All securities issued are subject to a hold period of four months and one day from the date of issuance.
The flow-through shares will qualify as flow-through shares for the purposes of the Income Tax Act (Canada). The proceeds of the flow-through private placement will be used to incur Canadian exploration expense (within the meaning of the act). The company will renounce these expenses to the purchasers with an effective date of no later than Dec. 31, 2026, and as required under the act.
Omega Pacific anticipates closing a second tranche of the offering in the near term.
Williams exploration strategy
The GIC prospect at the Williams property hosts a robust, bulk-tonnage gold system. Two thousand twenty-six exploration programs will focus on expanding known mineralization along a drill confirmed 750 strike length, in an eastward and updip direction from 2024 drill collars. All four 2024 drill holes intersected bulk-tonnage and localized high-grade gold mineralization in multiple zones. WM24-01 intersected 1.69 grams per tonne (g/t) gold (Au) over 104 metres (m), including 6.22 g/t Au over 18.98 m, and WM22-02ext returned 2.16 g/t Au over 96.92 m, including 4.6 g/t Au over 10.5 m. Mineralization is open in all directions and GIC represents a prospective target distancing over 12 kilometres (km). More information will be further detailed as programs commence.

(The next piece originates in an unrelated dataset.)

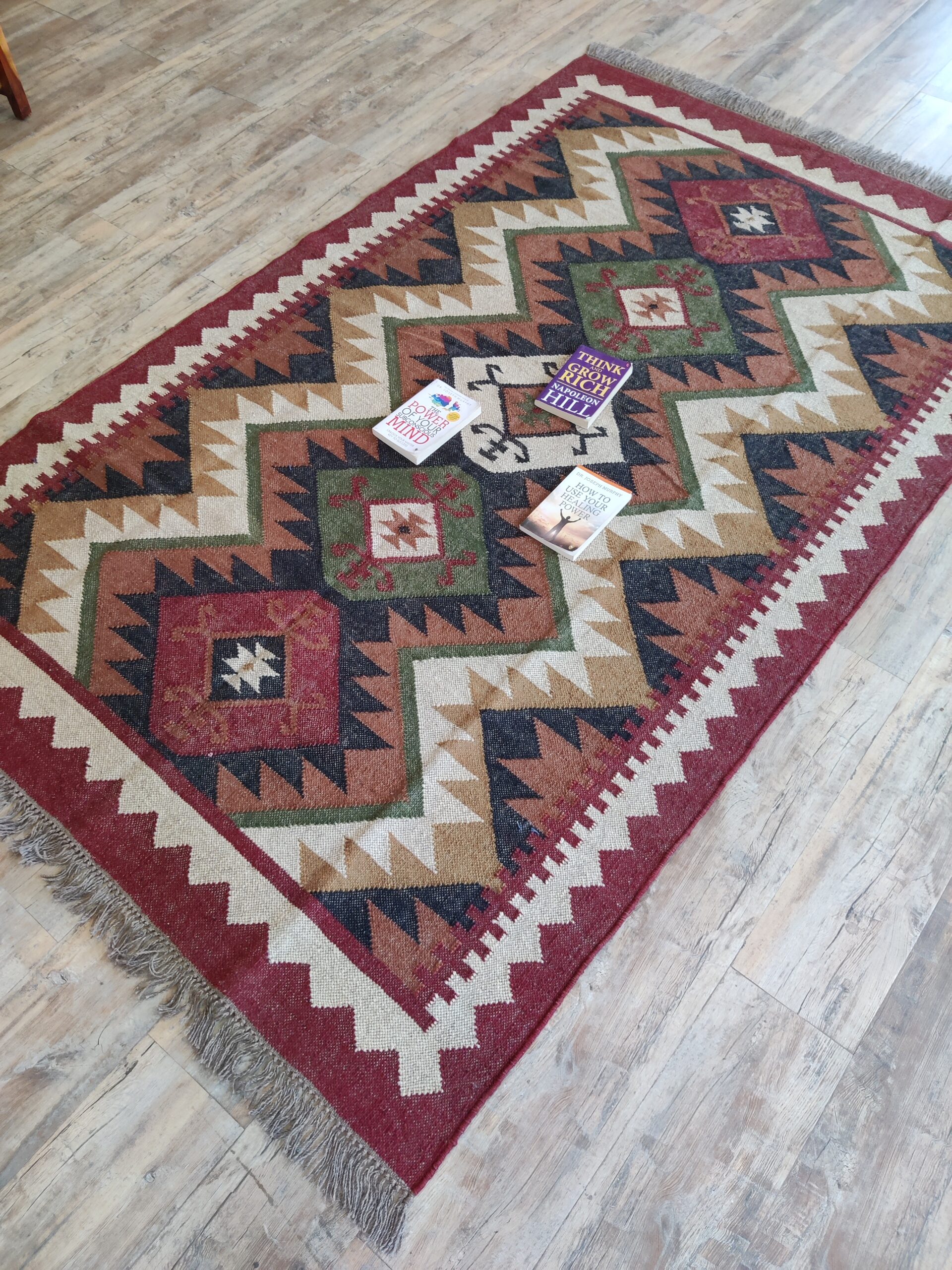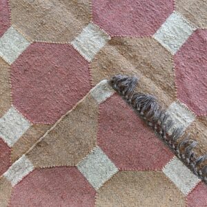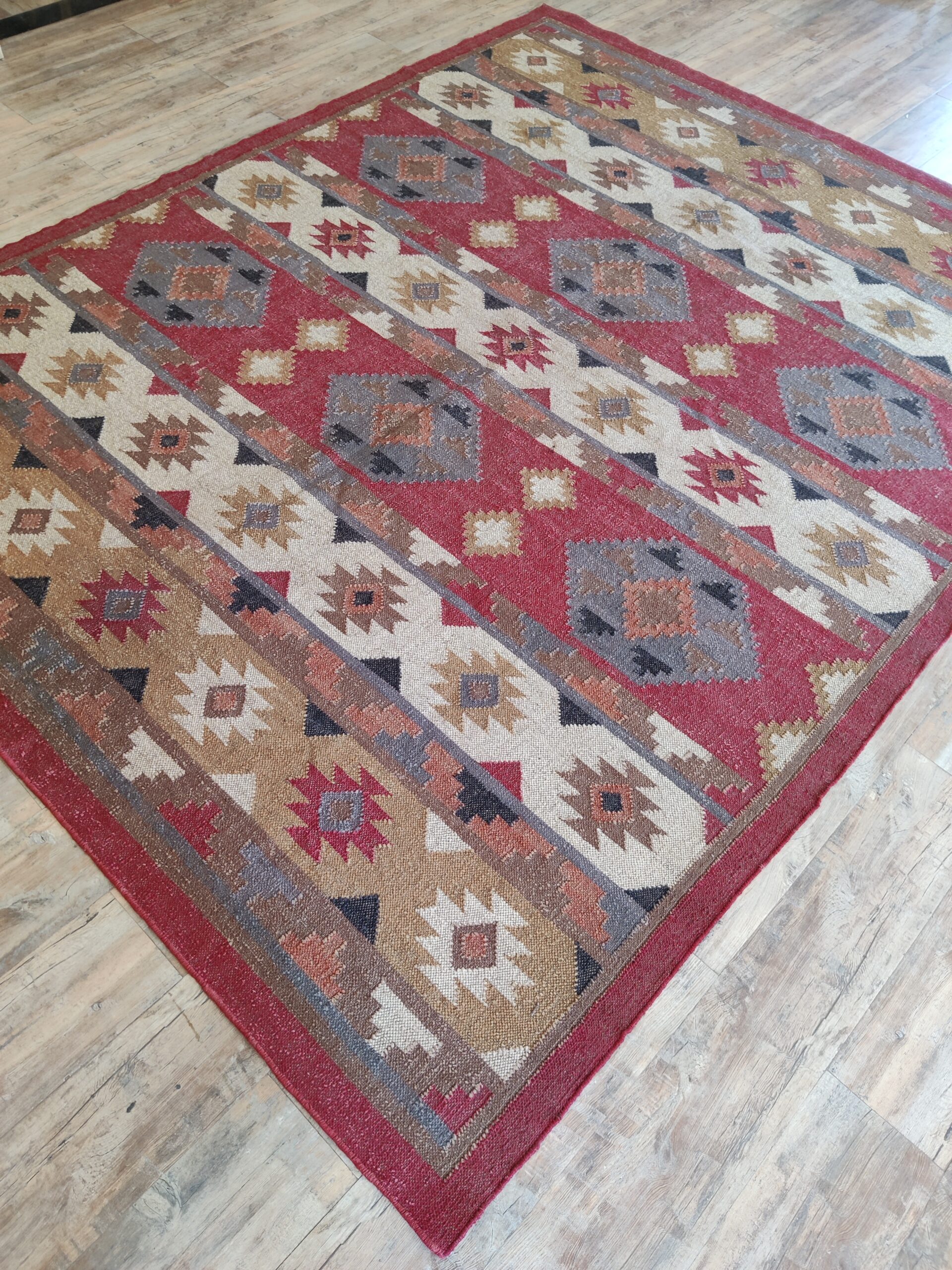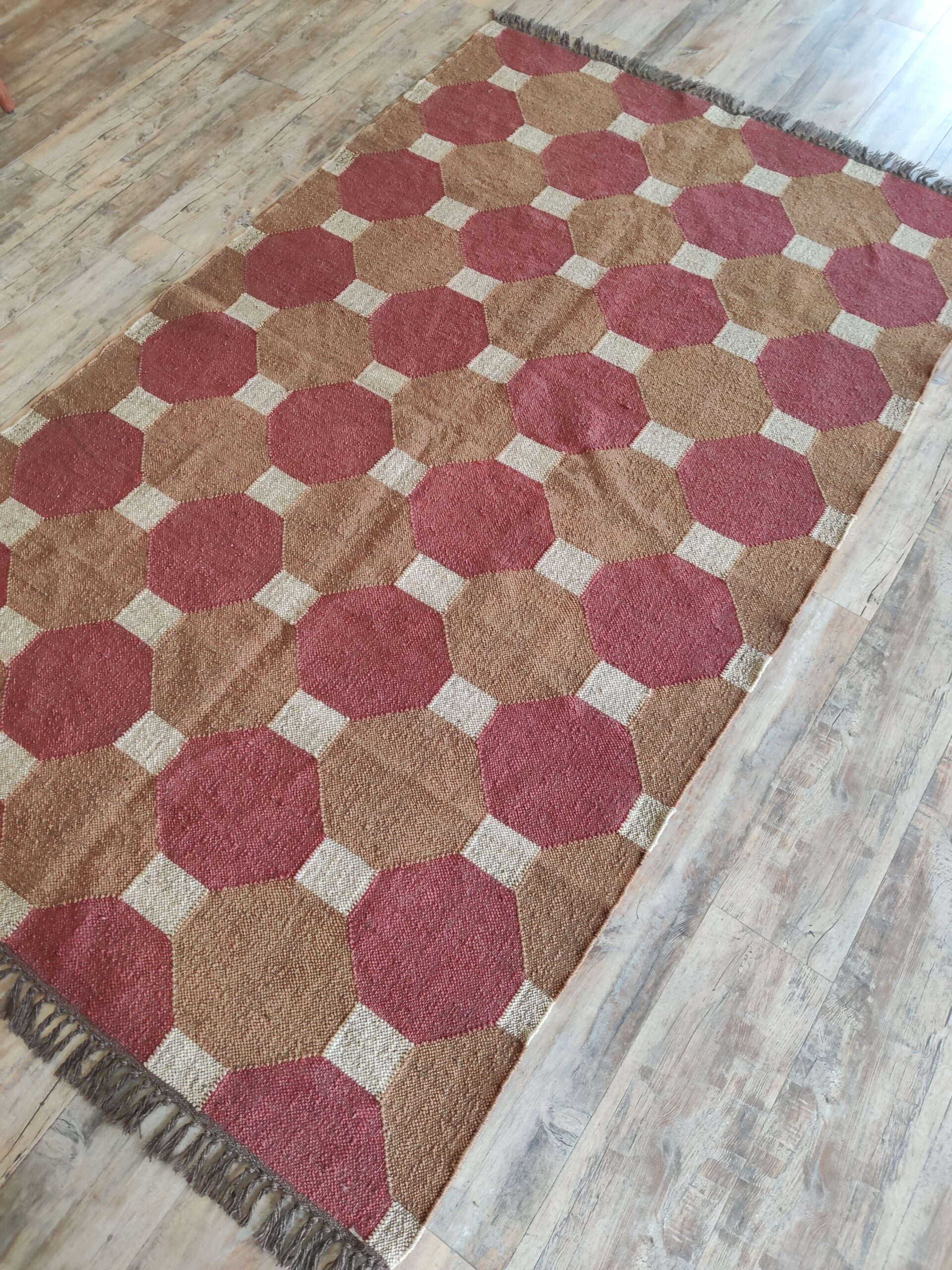 Wool Jute Geometric Pattern Rug, Red And Brown Bedroom, Living Room Rug, Custom Size Rug

About Omega Pacific Resources Ltd.
Omega Pacific is a Canadian mineral exploration company focused on the discovery and development of precious metal projects in British Columbia. The company also continues to evaluate prospective assets domestically and internationally. With a talented technical team, Omega Pacific is commitment to responsible exploration with judicious use of capital.